Startups, in particular, often adopt a self-directed approach, but when they grow and scale up, many become more or less “normal” — which is to say their middle-management ranks swell, and they develop increasingly large bureaucracies and hierarchies. The same risks hold true when self-directed companies are acquired by others, as was the case when Zappos was bought by Amazon. These are daunting challenges. How can self-directed companies develop new strategies and coordination mechanisms as they scale, while also retaining their culture, values and ethos?

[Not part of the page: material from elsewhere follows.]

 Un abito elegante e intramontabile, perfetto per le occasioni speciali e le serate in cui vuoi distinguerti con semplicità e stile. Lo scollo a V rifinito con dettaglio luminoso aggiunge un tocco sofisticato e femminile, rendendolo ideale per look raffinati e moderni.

To answer these questions we studied a fascinating cluster of self-directed companies in Finland that are ahead of the curve. Among them were the game-development companies Supercell and Futureplay, the tech consultancies Futurice and Vincit, and the last-mile delivery company Wolt, all of which are based in the greater Helsinki area. This region, sometimes referred to as the “Silicon Valley of the North,” has in the past few years produced many self-directed companies that have had huge international success while innovating to retain their self-directed values of equality and empowerment.
We studied the case of Futurice (where one of us, Anni, has worked) as a representative example, and we found that it, like the other companies in our cluster, has focused on the following six factors as the keys to retaining its edge while growing.

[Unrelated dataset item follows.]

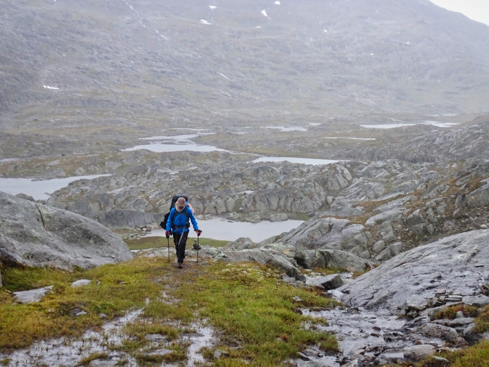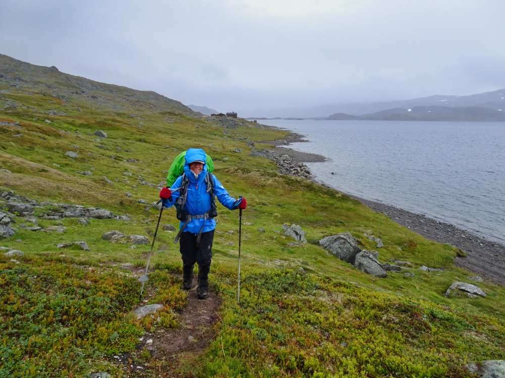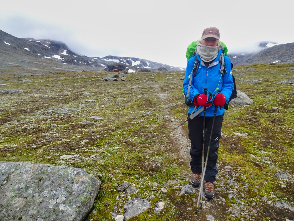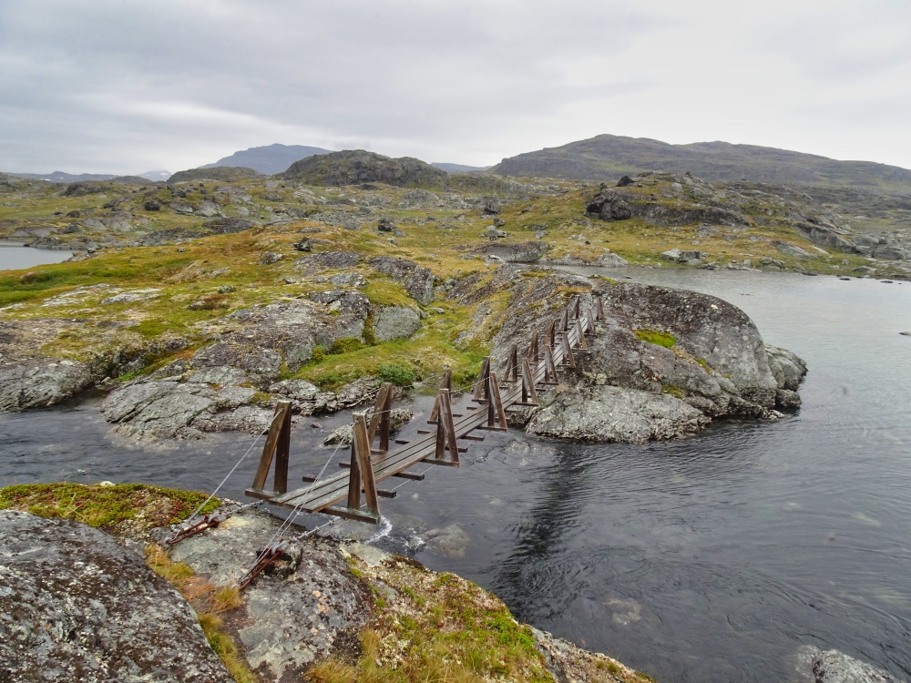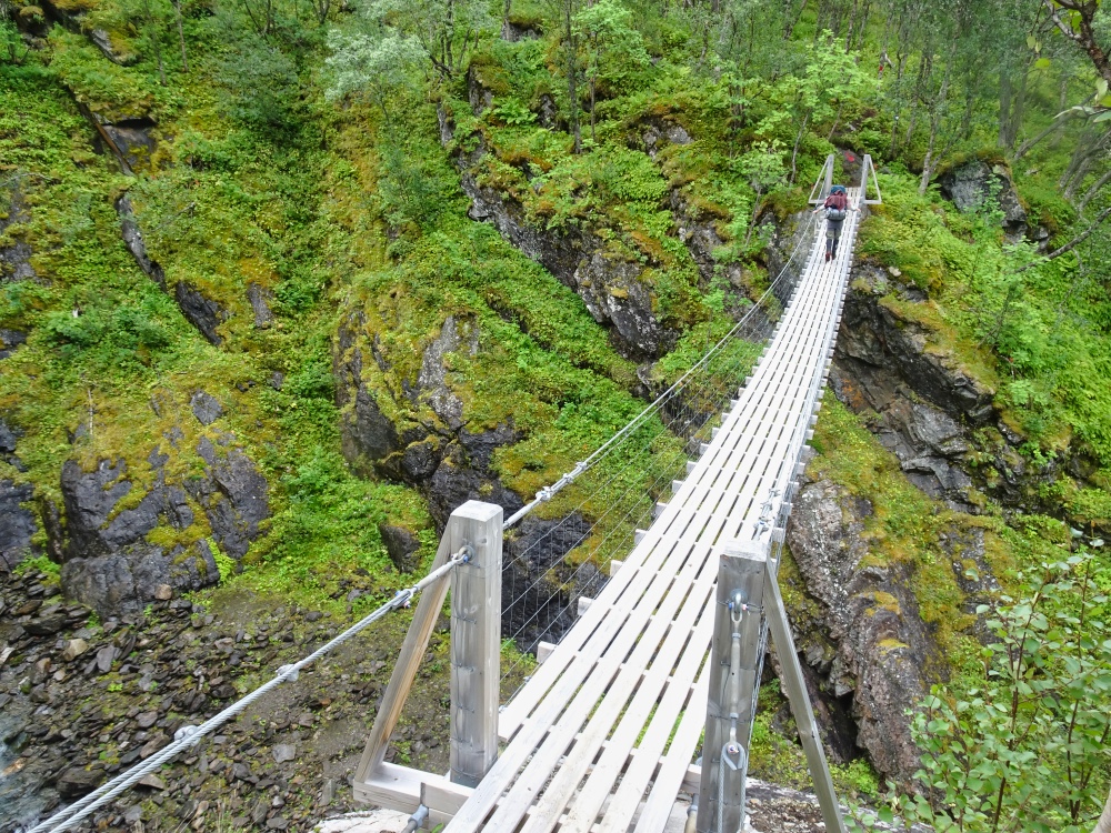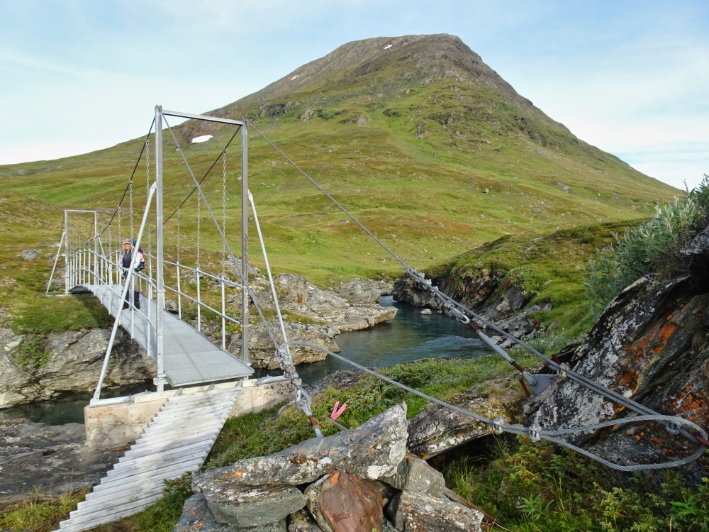There was rain in the afternoon weather forecast, so again an early start. The trail along the canyon was beautiful, flat, and easy with great views of the river and canyon. We very much enjoyed our “stroll” along the river. The ascent up to the high country at the end of the valley is quite steep in the beginning. After the initial climb you gradually ascend to an alpine plateau where the rain accompanied us. Tip: at a certain point there is a sign in Norwegian pointing you to a hanging bridge; follow the first sign you see. We didn’t, we followed the second sign and had to descend quite a bit to reach the bridge. Despite the rain the high plateau was still beautiful and we arrived in good spirits at the Lappjordhytta where we spent a wonderful evening with fellow hikers.

Organic modular design. Scaling up means getting bigger — and that tends to mean new hierarchies and control mechanisms, which reduce agility and flexibility. To avoid this problem, companies can divide themselves into smaller modules. Futurice has done this by making the teams and parts of its organization into “tribes” with a high degree of autonomy. Other companies in the cluster have made similar moves.
Coordination through enabling mechanisms. Growth creates a need for coordination, which can easily stifle autonomy. Companies can overcome this problem by developing enabling mechanisms. One such mechanism used at Futurice is a 3×2 framework that’s designed to support strategic decision-making throughout the organization and across tribes.
The idea is simple: You’re free to make a decision as long as you feel confident that it will benefit your clients, colleagues, and numbers (the “3” component of the 3×2), and that it will do so both today and tomorrow (the “2”). The company collectively articulates objectives and key results but gives its tribes a high degree of freedom in figuring out how to achieve them. Formal rules and processes are out. Instead, to share learning and information across teams and functions, the company encourages active dialogue on Slack and in community gatherings — a minimal approach to coordination that several companies in our cluster refer to as “no nonsense” or “no bullshit.”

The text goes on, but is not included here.